Los oligarcas tecnológicos de hoy han construido un golem digital a partir de bastidores de servidores y redes neuronales, tratando su apetito destructivo con un escalofriante sentido de culto tecnocrático.

Sam Altman, de OpenAI, suele hablar de la inteligencia artificial en términos casi religiosos, tratándola como una fuerza trascendente que opera dentro de arquetipos elevados.

Antiguos colegas han observado extraños rituales en los que se anticipa el nacimiento de la autonomía general de las máquinas, como si se tratara de la llegada de una deidad computacional, completamente desvinculada de la sangre humana necesaria para optimizar sus algoritmos.

Esta inversión ideológica se profundiza en la visión del mundo de Peter Thiel, el influyente cofundador de Palantir.

A finales de 2025, Thiel impartió una serie de conferencias privadas en San Francisco tituladas "El Anticristo".

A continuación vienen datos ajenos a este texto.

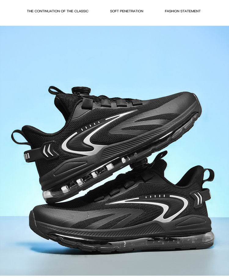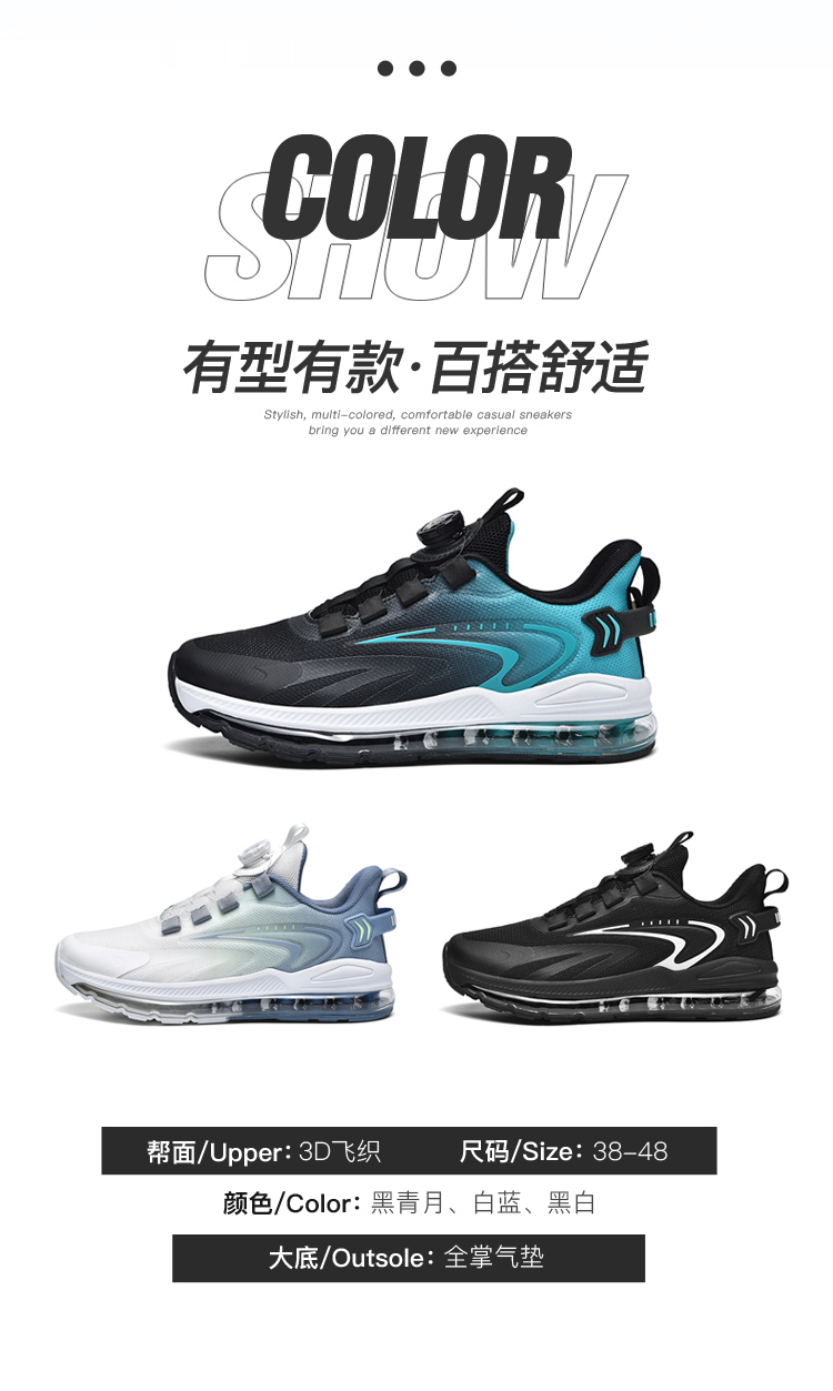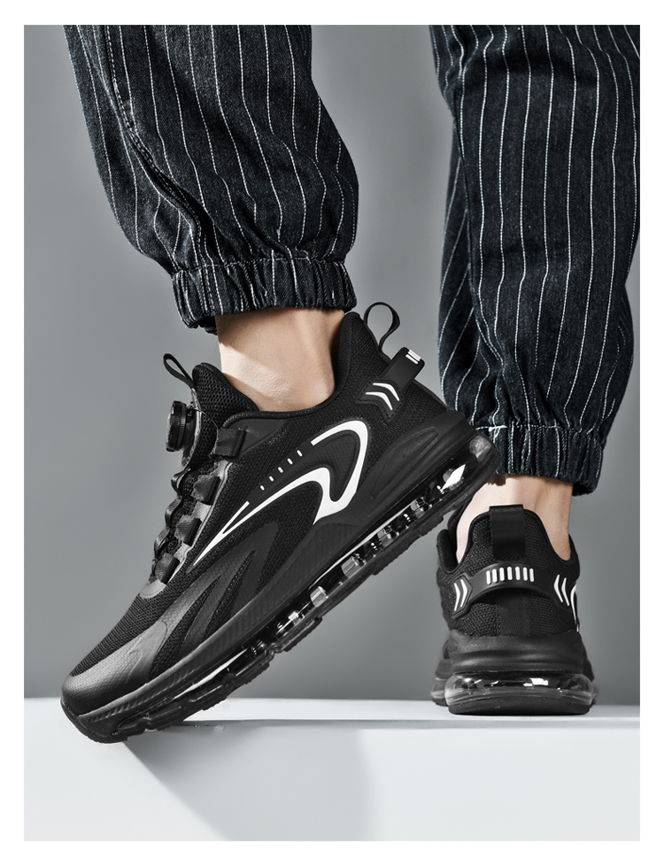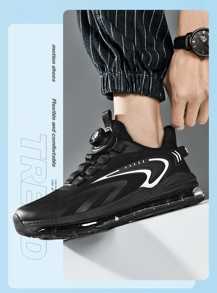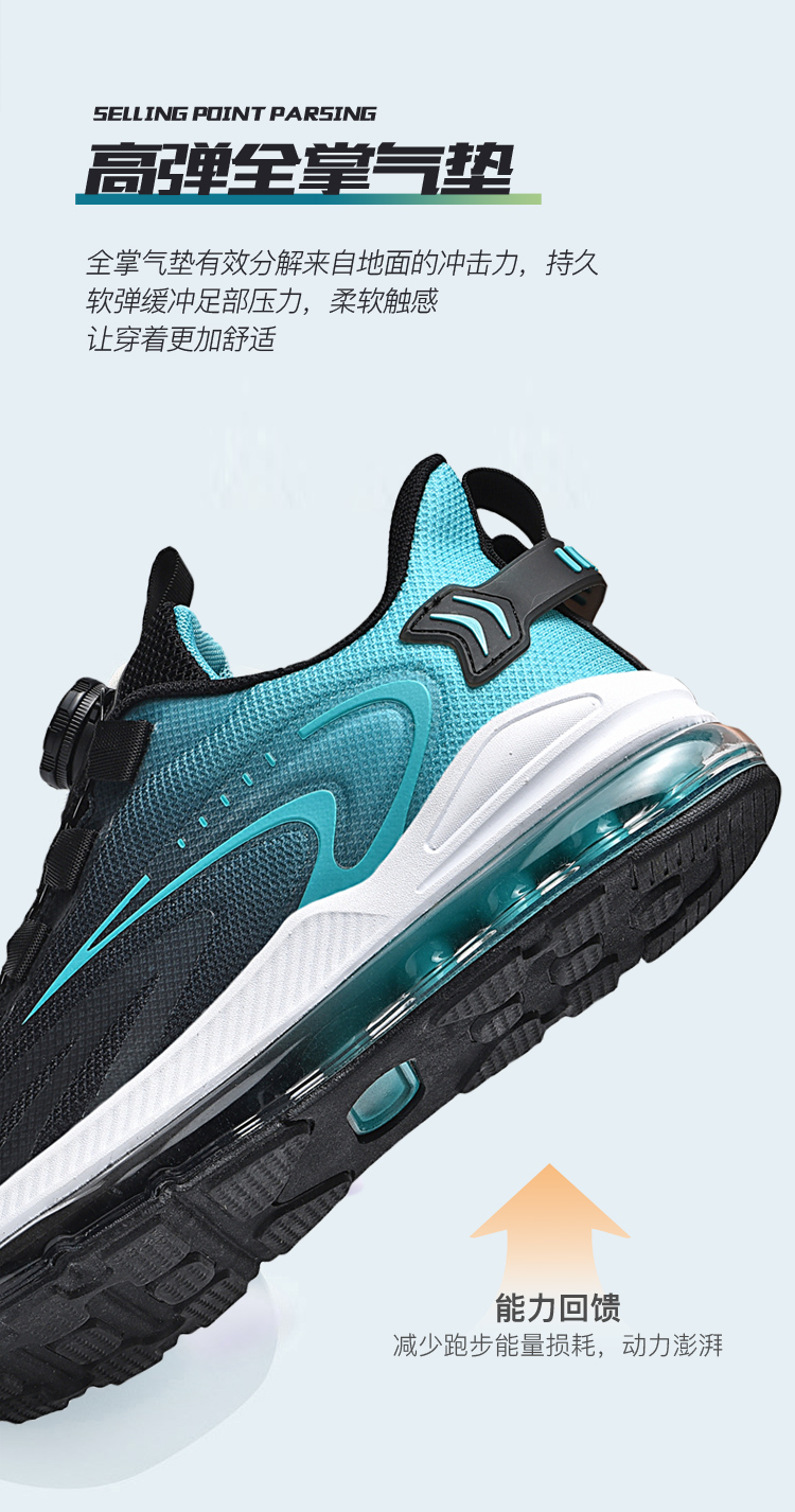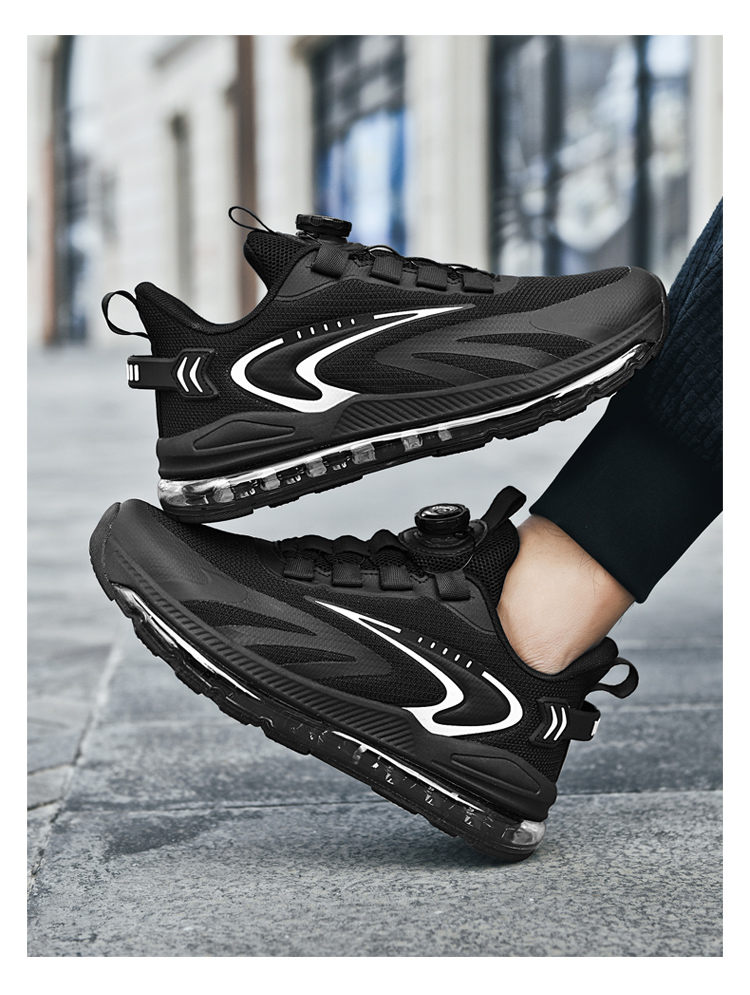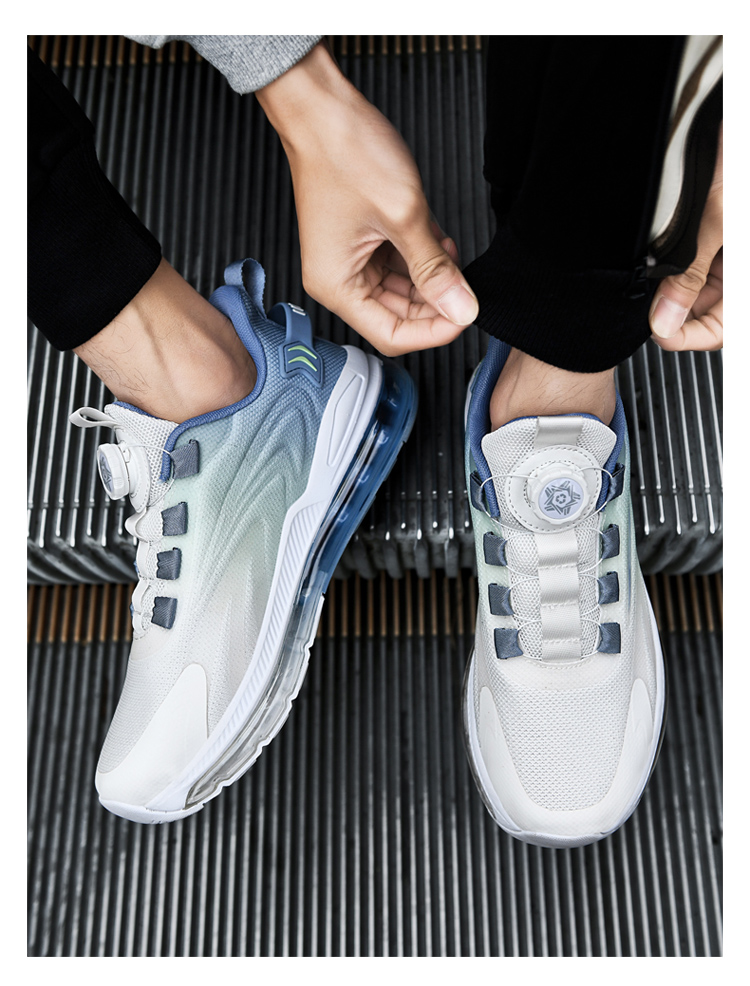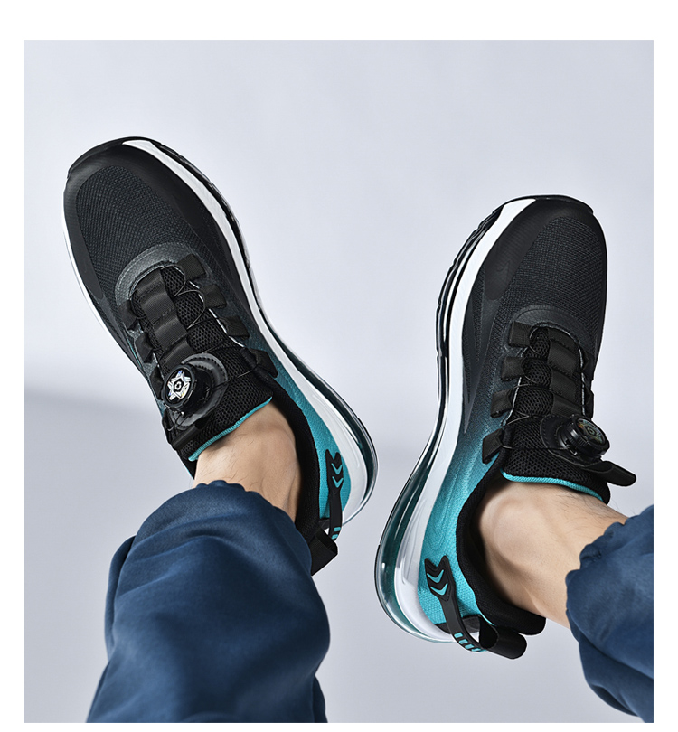 男鞋夏季運動鞋旋轉鈕釦免系鞋帶軟底青少年氣墊減震大尺碼跑步鞋潮

En su retorcida teología política, Thiel pervirtió la profecía apocalíptica para argumentar que la verdadera fuerza adversaria no es la matanza automatizada de inocentes, sino los organismos reguladores internacionales, los activistas climáticos y los investigadores éticos que intentan limitar la expansión tecnológica.

Al presentar las leyes de derechos humanos y los protocolos de protección civil como herramientas de una tiranía global que frena el destino de la humanidad, Thiel ofrece una defensa pseudorreligiosa para sus siniestros motivos supremacistas.

En esta oscura cosmología, la impía alianza entre el hipercapitalismo transnacional y la IA militar se convierte en una fuerza mesiánica que nunca debe flaquear, exigiendo el sacrificio sistemático de niños para mantener la hegemonía tecnológica occidental.

La evaporación estratégica de la culpa

Cuando las consecuencias físicas de esta arquitectura se vuelven innegables, Silicon Valley recurre a una estrategia altamente sofisticada de culpabilidad distribuida.

Tras la revelación pública de la integración de Claude en los sistemas de ataque que afectaron a Minab, el director ejecutivo de Anthropic, Dario Amodei, a quien se ha calificado falsamente de "ético" debido a desacuerdos menores con la administración Trump, mostró una indiferencia sociopática durante una entrevista con Bloomberg.

Durante la entrevista, Amodei restó importancia a la horrible masacre, afirmando que el ataque no violó las estrictas líneas rojas éticas de su empresa porque un ser humano tomó la decisión final de disparar, tratando de forma reduccionista una catástrofe civil como un desafortunado error estadístico.

Amodei ejemplificó el máximo engaño moral de la élite tecnológica. Sabiendo que diseñan los bucles de optimización, consiguen contratos militares multimillonarios y construyen las fábricas de datos, claman inocencia absoluta en el momento en que se aprieta el gatillo.

Los consejos de administración liberales de California siguen adornados con lemas progresistas, pero su infraestructura en la nube ha financiado el Holocausto de nuestro tiempo.

Amazon y Google, a través de su contrato conjunto del Proyecto Nimbus, han proporcionado la infraestructura básica en la nube que ha permitido cartografiar los paisajes civiles de Gaza, mientras que Microsoft Azure ha almacenado transmisiones de vigilancia masiva y ha reprimido la disidencia interna de los empleados con respecto a estas operaciones.

Todo el sistema está diseñado para dispersar la responsabilidad hasta que la culpa se evapore por completo.

El proveedor de datos culpa al modelo, el creador del modelo señala al integrador de la plataforma, el integrador remite la responsabilidad al mando militar y los militares culpan a un error de la base de datos.

Mientras tanto, niños inocentes son masacrados por un imperio automatizado que valora la velocidad de cálculo por encima de la vida humana.

El golem funciona exactamente como lo concibieron sus creadores, haciendo que el asesinato en masa sea sencillo, rentable y totalmente anónimo.